In this publication, we focus on a full dissection of the ValleyRAT modular system. We describe the builder, outline our extraction and analysis methodology, and provide detailed explanations for every plugin used by the malware. We also include an in-depth analysis of one of the most interesting components, the “ **Driver Plugin**”, which embeds a kernel-mode **rootkit**. Special attention is given to the rootkit and its user-mode client, along with the techniques they implement. Finally, with carefully crafted detection rules for all plugins, we present their in-the-wild detection statistics based on both our internal telemetry and public services.

The first interesting repository we identified is related to the ValleyRAT builder, which also functions as a C2 panel and has been publicly available since March 2025. Below is a comparison between the original Chinese repository and its translated version.

The claim about the “ **Effective date: March 25, 2025**” mentioned in the repository structure (with the builder archive itself uploaded on March 26, 2025) correlates with the PE compilation timestamp of the builder: **Wednesday, 26.03.2025 04:10:15 UTC**. This suggests that it is likely one of the latest versions of the ValleyRAT builder.

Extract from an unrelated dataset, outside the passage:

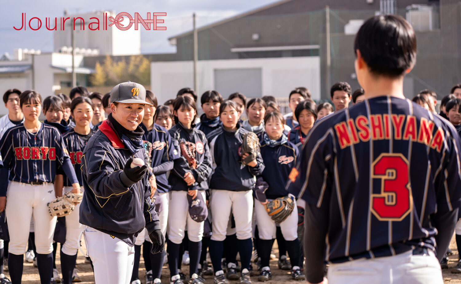 最高気温8度ながらも、温かい日差しに包まれた和歌山県立貴志川高校のグラウンド。そこで、和歌山大学の部員たちがグラウンドを丹念に整備していた。やがて、神戸弘陵高校の部員たちが集合すると、同校OGであるの西上選手が笑顔で後輩たちを出迎えた。

The second repository, which is slightly older (June 2024), contains development artifacts related to the ValleyRAT plugin system, including Visual Studio solutions and project structures ( **without source code**). A translated version of this repository can be seen below.

The fact that the development structure (without source code) has been publicly available for a while suggests that the **leaked ValleyRAT source code** itself has probably been circulating in the wild as well.

Both repositories are in Chinese, and as an initial step, we focused on the one containing the Visual Studio structure. We then attempted to locate matching artifacts inside the compiled builder package from the first repository.

While the development structure referenced both “ **main**” and “ **auxiliary**” plugins, only the compiled “ **main**” plugins were present inside the builder’s PE resources.

During the analysis of the development structure, one component immediately stood out: a plugin named “ **Driver Plugin**”, which appears to include a kernel‑mode driver component.

We were later able to locate this compiled plugin inside the builder’s resources.

The “Driver Plugin” is a DLL that acts as a user‑mode client for an embedded rootkit driver. Its original filename can be recovered from the Export Directory.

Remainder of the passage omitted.